Since day one, this site has been marked up with valid XHTML 1.0 Strict. However, all documents have been served with the MIME type text/html, and that is not the ideal way of serving XHTML, which should be served as application/xhtml+xml according to the (non-normative) W3C Note XHTML Media Types. There are different opinions on this; some argue that it’s OK to use text/html, as long as the XHTML is “HTML compatible”, others will say serving XHTML as text/html is completely invalid, evil, and almost worse than 20th century tag soup. I’m not going to take sides.

Anyway, in order to do the rightest thing I wanted to start using application/xhtml+xml. Since not all web browsers handle that MIME type, I started looking for ways of serving documents with different MIME types depending on the capabilities of the requesting user agent. After some googling I found a simple PHP script that will let me do that:

  1. <?php
  2. if (stristr($_SERVER[HTTP_ACCEPT], "application/xhtml+xml") || stristr($_SERVER["HTTP_USER_AGENT"],"W3C_Validator")) {
  3. header("Content-Type: application/xhtml+xml; charset=iso-8859-1");
  4. header("Vary: Accept");
  5. echo("<?xml version=\"1.0\" encoding=\"iso-8859-1\"?>\n");
  6. }
  7. else {
  8. header("Content-Type: text/html; charset=iso-8859-1");
  9. header("Vary: Accept");
  10. }
  11. ?>

Note that this is a simplified script which does not take the requesting user agent’s q-rating into account. Keep reading for more info on that.

You may be wondering why I’m using the character encoding iso-8859-1, and not UTF-8. Well, that’s on the to-do list. I’ve run into some weird problems trying to switch to UTF-8, but if I can just figure out how to do it correctly and it doesn’t create any serious compatibility problems, I’ll switch.

In order to make Apache run PHP scripts in .html files I added the following at the top of my .htaccess file:

  1. RemoveHandler .html .htm
  2. AddType application/x-httpd-php .html

I actually did that a long time ago, when I installed Refer, but in case your server isn’t configured to run PHP scripts in .html files, now you know how you can change that. If your server is running Apache, that is.

The script checks if the user agent sends an Accept HTTP header that contains the value “application/xhtml+xml”, or if the user agent is the W3C HTML Validator, which does not send a proper Accept HTTP header but still handles application/xhtml+xml. If either of those are true, the document is served as application/xhtml+xml. Those browsers are also sent an XML declaration. To other browsers, including all versions of Internet Explorer, the document is served as text/html. No XML declaration is added to the document, since that would put IE/Win into Quirks mode, and I don’t want that.

After the Content-Type header, a Vary header is sent to (if I understand it correctly) tell intermediate caches, like proxy servers, that the content type of the document varies depending on the capabilities of the client which requests the document.
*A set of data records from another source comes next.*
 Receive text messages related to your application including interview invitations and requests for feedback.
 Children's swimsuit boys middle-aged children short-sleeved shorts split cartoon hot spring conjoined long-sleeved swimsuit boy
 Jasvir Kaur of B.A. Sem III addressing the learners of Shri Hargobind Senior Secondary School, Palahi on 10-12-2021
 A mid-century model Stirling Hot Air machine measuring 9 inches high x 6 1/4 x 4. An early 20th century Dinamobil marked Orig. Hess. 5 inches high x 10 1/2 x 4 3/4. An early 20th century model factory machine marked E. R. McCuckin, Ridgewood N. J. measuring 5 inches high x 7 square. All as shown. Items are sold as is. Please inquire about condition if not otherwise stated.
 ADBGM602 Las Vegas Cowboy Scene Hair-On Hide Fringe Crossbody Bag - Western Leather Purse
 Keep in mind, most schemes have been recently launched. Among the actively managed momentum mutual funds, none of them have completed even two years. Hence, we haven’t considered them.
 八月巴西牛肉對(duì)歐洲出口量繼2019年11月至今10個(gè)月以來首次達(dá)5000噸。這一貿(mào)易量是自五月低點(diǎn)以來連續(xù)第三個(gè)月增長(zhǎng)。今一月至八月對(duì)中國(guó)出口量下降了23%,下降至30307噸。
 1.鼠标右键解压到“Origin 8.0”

Thanks to Simon Jessey for the tip.

For a more advanced PHP content negotiation script, visit Serving up XHTML with the correct MIME type. That script takes the requesting user agent’s q-rating (how well it claims to handle a certain MIME type) into account, and converts XHTML to HTML 4 before sending it as text/html to user agents that don’t handle application/xhtml+xml.
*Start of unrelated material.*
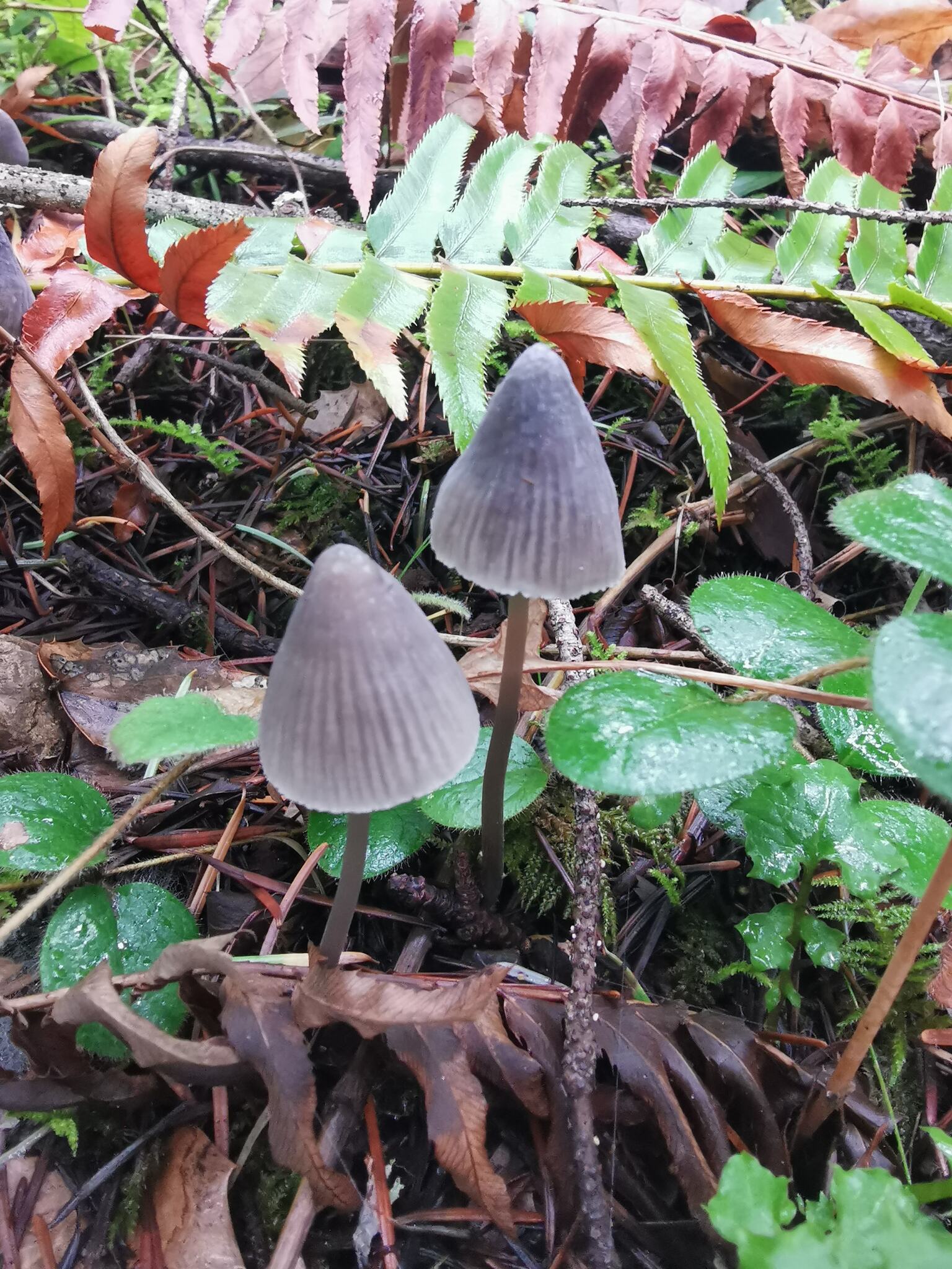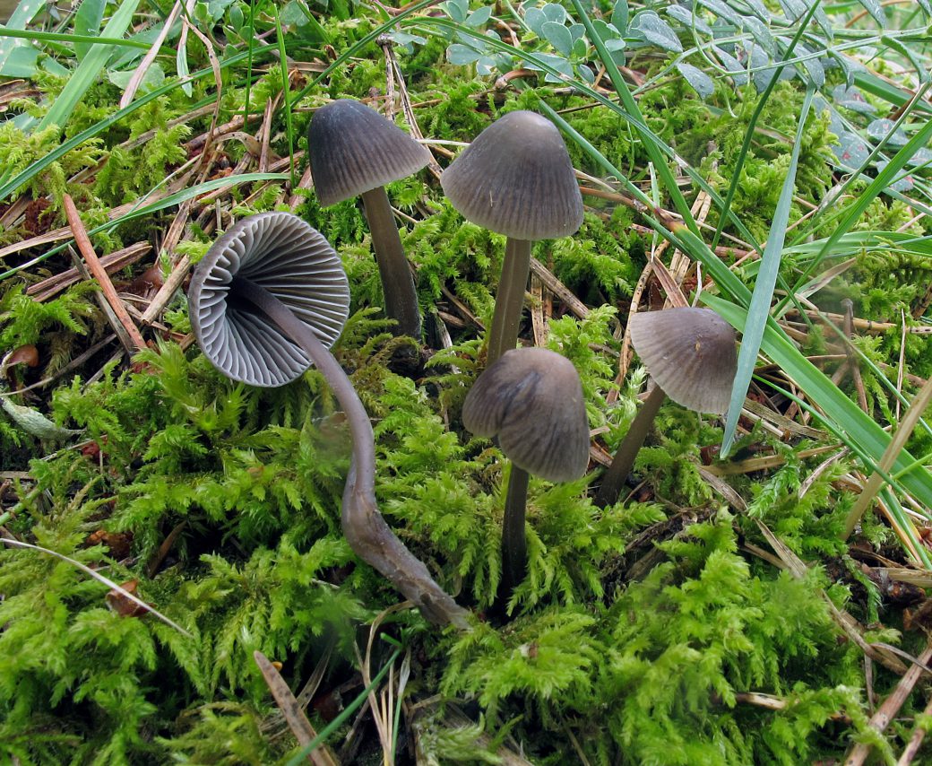 Descripción: Sombrero de 10 a 35 mm, campanulado a cónico y luego convexo, a menudo con pequeño umbo; superficie lisa, higrófana, gris pardo a grisácea, aclarando al secarse; margen translúcido-estriado en húmedo. Láminas adnatas a ligeramente decurrentes por diente, relativamente espaciadas, blanquecinas a gris pálido, con arista a menudo más clara. Pie de 30 a 90 mm por 1 a 3 mm, muy delgado, cilíndrico, hueco, grisáceo a pardo, a veces más oscuro hacia la base, con pruina fina en la parte superior; base con micelio blanco. Sin anillo ni volva. Carne muy escasa, olor fuerte a lejía o cloro al frotar, sabor poco marcado. Esporada blanca. Microscopia orientativa: esporas elipsoidales hialinas, lisas, amiloides en muchas micenas; presencia de queilocistidios característicos según sección.

If you’re using MS IIS instead of Apache, the following ASP script will do what the PHP script above does:

  1. <%
  2. If InStr(Request.ServerVariables("HTTP_ACCEPT"), "application/xhtml+xml") > 0 Or InStr(Request.ServerVariables("HTTP_USER_AGENT"), "W3C_Validator") > 0 Then
  3. Response.ContentType = "application/xhtml+xml"
  4. Response.Write("<?xml version=""1.0"" encoding=""iso-8859-1""?>" & VBCrLf)
  5. Else
  6. Response.ContentType = "text/html"
  7. End If
  8. Response.Charset = "iso-8859-1"
  9. Response.AddHeader "Vary", "Accept"
  10. %>

If you prefer ASP.NET, here’s a script provided by Justin Perkins:

  1. string http_accept = Request.ServerVariables["HTTP_ACCEPT"];
  2. string http_user_agent = Request.ServerVariables["HTTP_USER_AGENT"];
  3. if (((http_accept != null) && (http_accept.ToLower().IndexOf("application/xhtml+xml") > 0)) || ((http_user_agent != null) && (http_user_agent.ToLower().IndexOf("w3c_validator") > -1))){
  4. Response.ContentType = "application/xhtml+xml";
  5. Response.Write("<?xml version=\"1.0\" encoding=\"iso-8859-1\"?>\n");
  6. }
  7. else{
  8. Response.ContentType = "text/html";
  9. }
  10. Response.Charset = "iso-8859-1";
  11. Response.AddHeader("Vary", "Accept");

One real-world benefit of sending XHTML documents as application/xhtml+xml is that Gecko-based browsers like Firefox and Mozilla will display an error message if there are any errors in the markup. No need to use the W3C validator for that. That benefit is also the only drawback; if a document is invalid, as can happen when XHTML is allowed in comments, Gecko browsers just won’t display it until you notice the problem and edit the comment containing the invalid XHTML. Ouch.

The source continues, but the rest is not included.